When joint pain sets in, anti-inflammatory pain relievers prescribed by a vet could be helpful. You can also provide ramps where a dog needs to climb stairs, take shorter but more frequent walks, provide opportunities to swim or have other non-impactful exercise, provide him with an orthopedic bed and elevated food and water dishes, and even simple measures like not calling him to come to you when he’s lying down unless it’s necessary.


‘I get confused sometimes and may forget some of our old rules.’

A loss of cognitive ability is common with aging. Your dog may forget simple things like how to navigate around an obstacle or even get lost in areas he’s not familiar with or not recognize people he knows. He may have a harder time performing tasks or learning new tricks. In fact, he may forget behaviors he’s known for a long time such as being house trained. Bathroom accidents may become more common. No matter what, if your dog starts to act strangely or has behavior changes, have him checked out by a vet to be sure of the cause, which could be more than simply aging. But if it does come down to getting older, you can help your dog with medications and supplements as well as simply being more patient with him and helping him when he gets confused or lost.



I need a little extra care in grooming these days.’

Older dogs often experience changes in skin, coat and even their nails. Their skin can become dry and their coat more coarse. A supplement of coconut or salmon oil with meals can go a long way to solving the problem. But the dog’s skin can also become more thin, so injury may be more likely. It’s important to take extra care when the dog is playing or out on a hiking trail that he isn’t hurt. Meanwhile the dog’s nails can become brittle. Your dog will need more frequent nail trimmings since he isn’t filing down his nails through activities, so it’s important to take extra care with pedicures.

Because an older dog might not be as likely or as able to do his own grooming, you may need to increase how many times a week you brush out his coat and help him to stay clean.
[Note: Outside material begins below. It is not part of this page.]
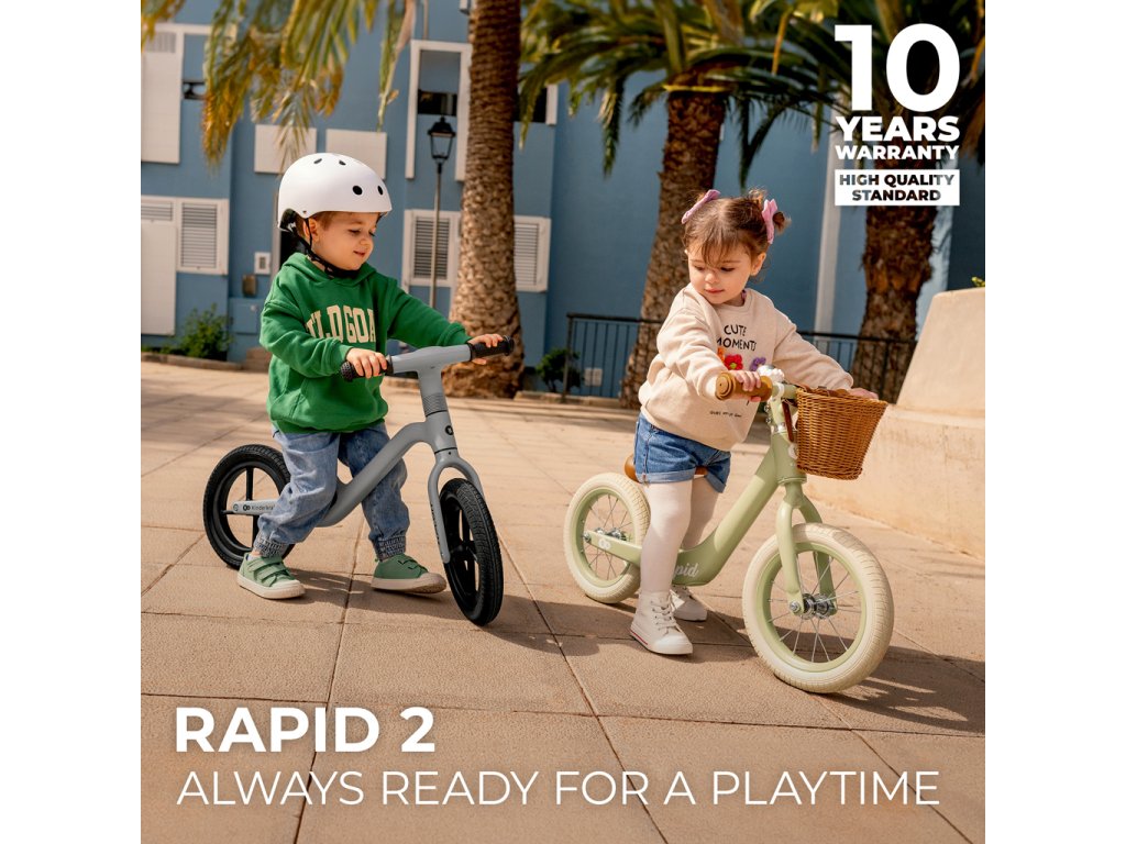 Pohodlné sedlo poskytuje široký rozsah nastavenia výšky, takže odrážadlo rastie spolu s vaším dieťaťom. RAPID má tiež obmedzený uhol natočenia volantu, ktoré chráni vaše dieťa pred nekontrolovaným zatáčaním počas výuky jazdenia. A nízko posadený rám uľahčuje nasadanie a zosadanie. Odrážadlo RAPID, rovnako ako každé odrážadlo Kinderkraft, podporuje rozvoj rovnováhy a motoriky. Zároveň vo vašom dieťati vzbudí lásku k aktivitám na čerstvom vzduchu.

It’s a great opportunity to bond with one another, as well as a chance for you to check for any new lumps, bumps or pains your dog may be having that might need to be checked out.

There are many more things to keep an eye out for as your dog ages, including good dental care to avoid gum disease, a diet that fulfills all of his unique nutritional needs, and watching for other common issues of aging from liver disease to diabetes to more difficulty fighting off illnesses. Though it may sound like a lot of work to care for your dog as he hits the senior years, such devotion has its own special rewards, including knowing that you’ve done everything you can for a companion that has been dependent on you from day one.